Print out the full material below, exact in every line, with no images included.

** Opening Provided material block **

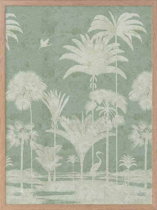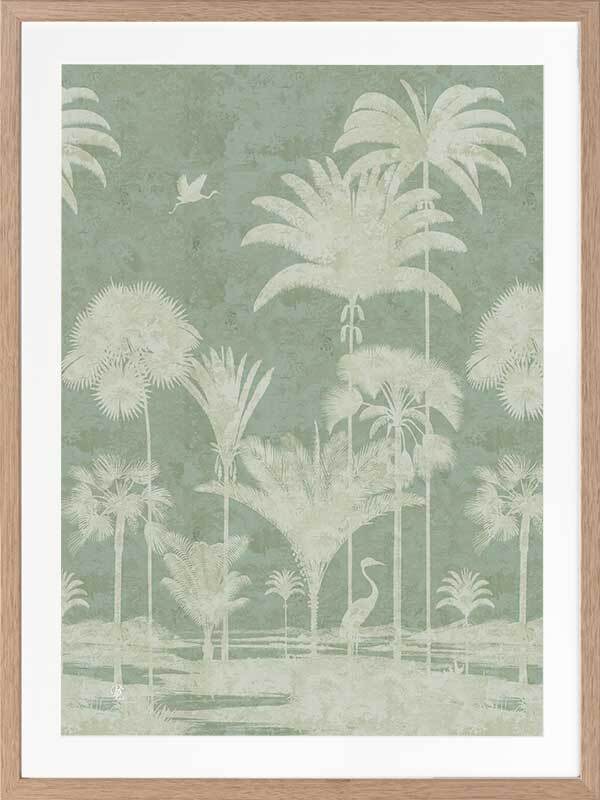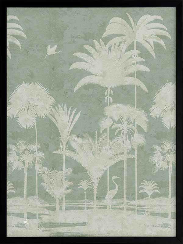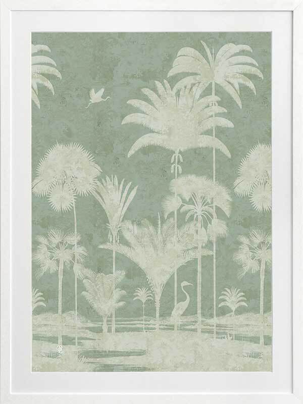 Shadow Palms Mint I Framed Art Print - Just as the sun rises with its soft, gentle light, wildlife begin to stir, basking in the warm, early rays. This gorgeous piece focuses on simplicity with a subdued, monotone colour palette and limited details, leaving an array of shadow figures, allowing the aged texture to overlap each silhouette for a timeless feel. With its soft mint green and white palette, Shadow Palms is striking, yet delicate on the eye, making it the perfect feature piece for any interior.
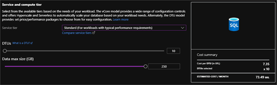 Para esse exemplo vamos utilizar DTU’s utilizando o modelo Standard S1 com 250GB de armazenamento, após selecionar é só clicar em Apply.
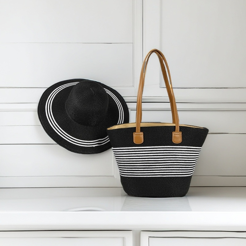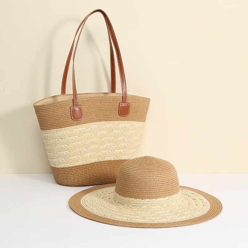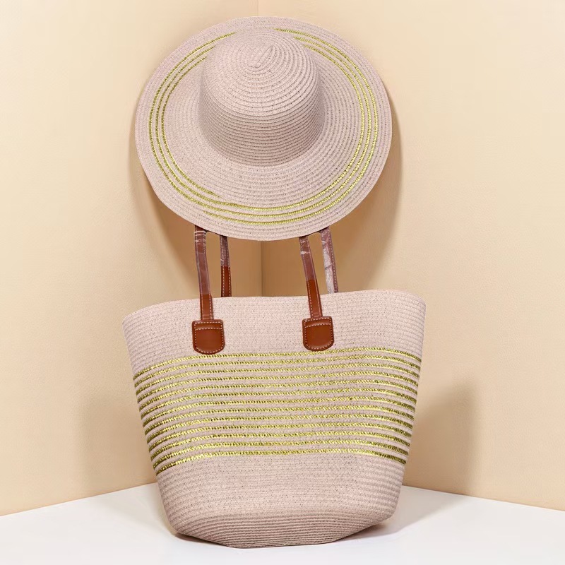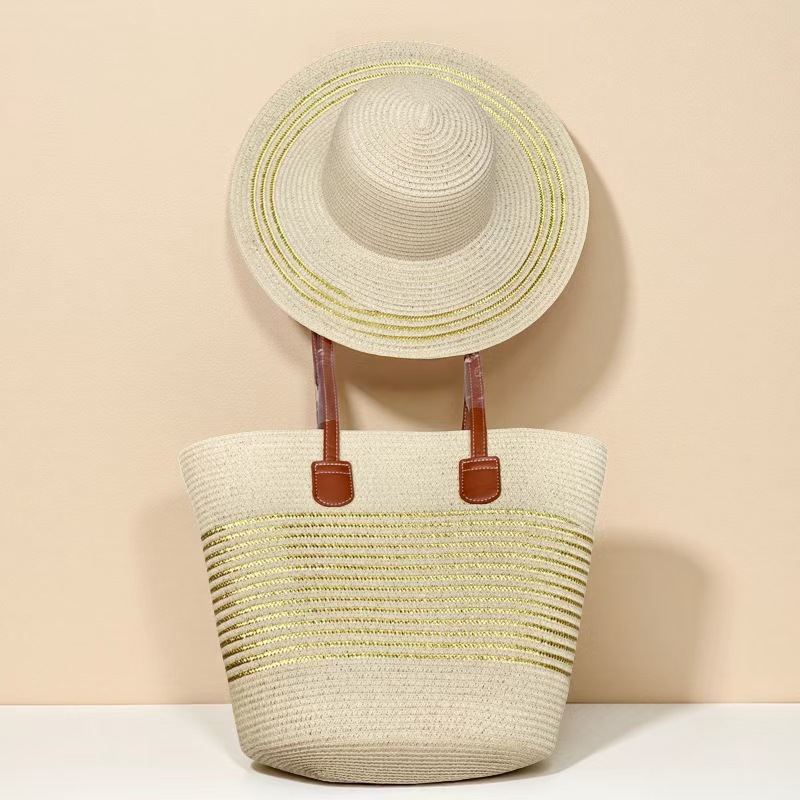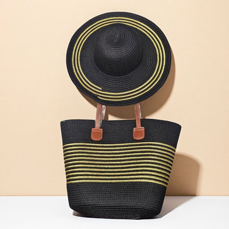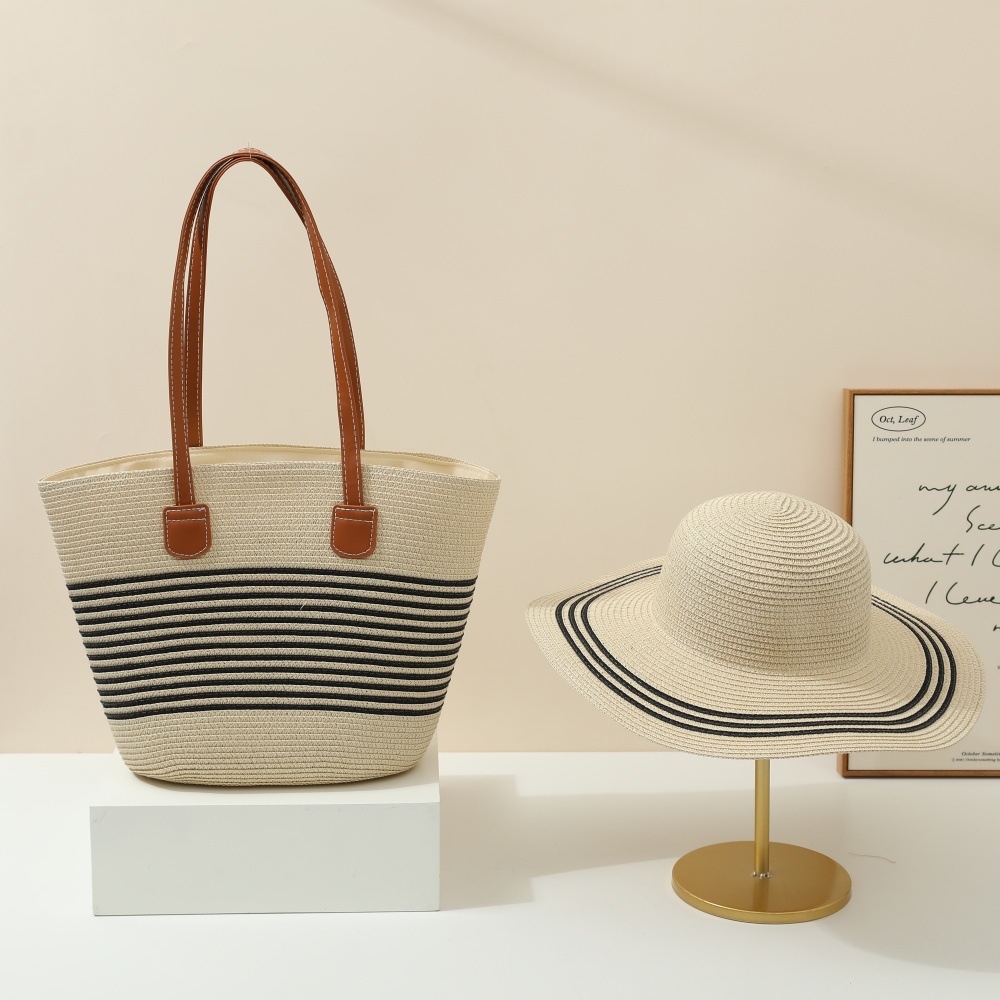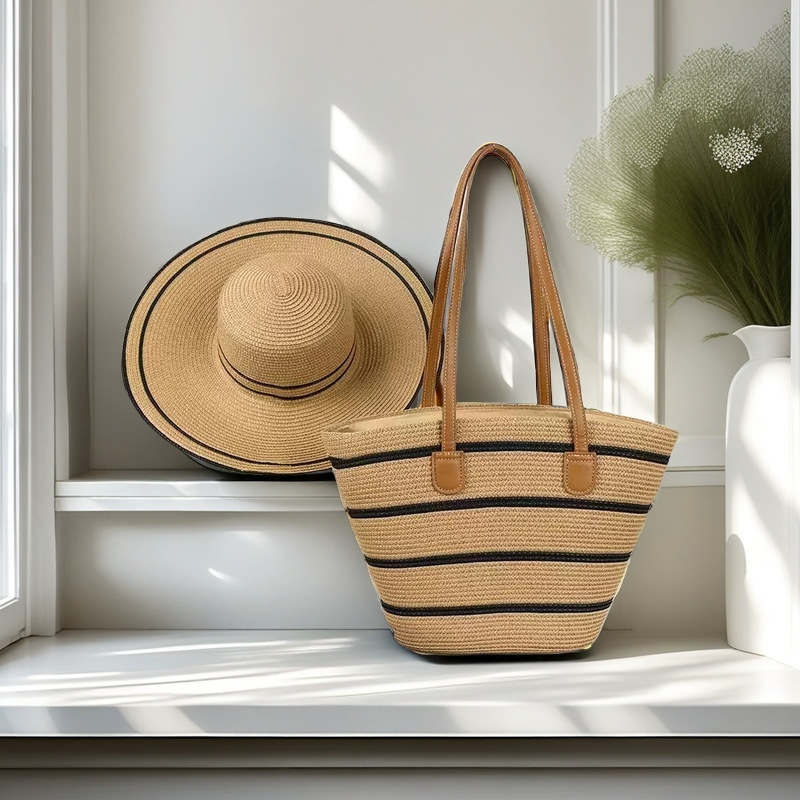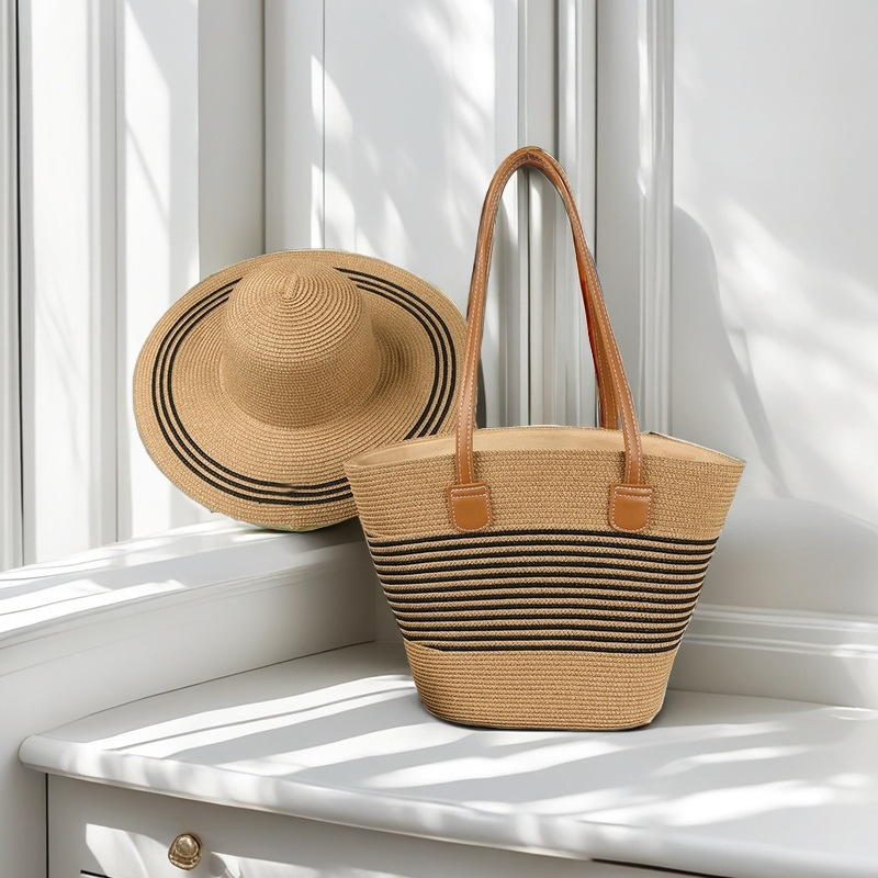 跨境草帽草编包两件套遮阳帽大容量条纹托特包单肩包沙滩包工厂店

** Closing Provided material block **

## [Answer space]
 Shadow Palms Mint I Framed Art Print - Just as the sun rises with its soft, gentle light, wildlife begin to stir, basking in the warm, early rays. This gorgeous piece focuses on simplicity with a subdued, monotone colour palette and limited details, leaving an array of shadow figures, allowing the aged texture to overlap each silhouette for a timeless feel. With its soft mint green and white palette, Shadow Palms is striking, yet delicate on the eye, making it the perfect feature piece for any interior.
 Para esse exemplo vamos utilizar DTU’s utilizando o modelo Standard S1 com 250GB de armazenamento, após selecionar é só clicar em Apply.
 跨境草帽草编包两件套遮阳帽大容量条纹托特包单肩包沙滩包工厂店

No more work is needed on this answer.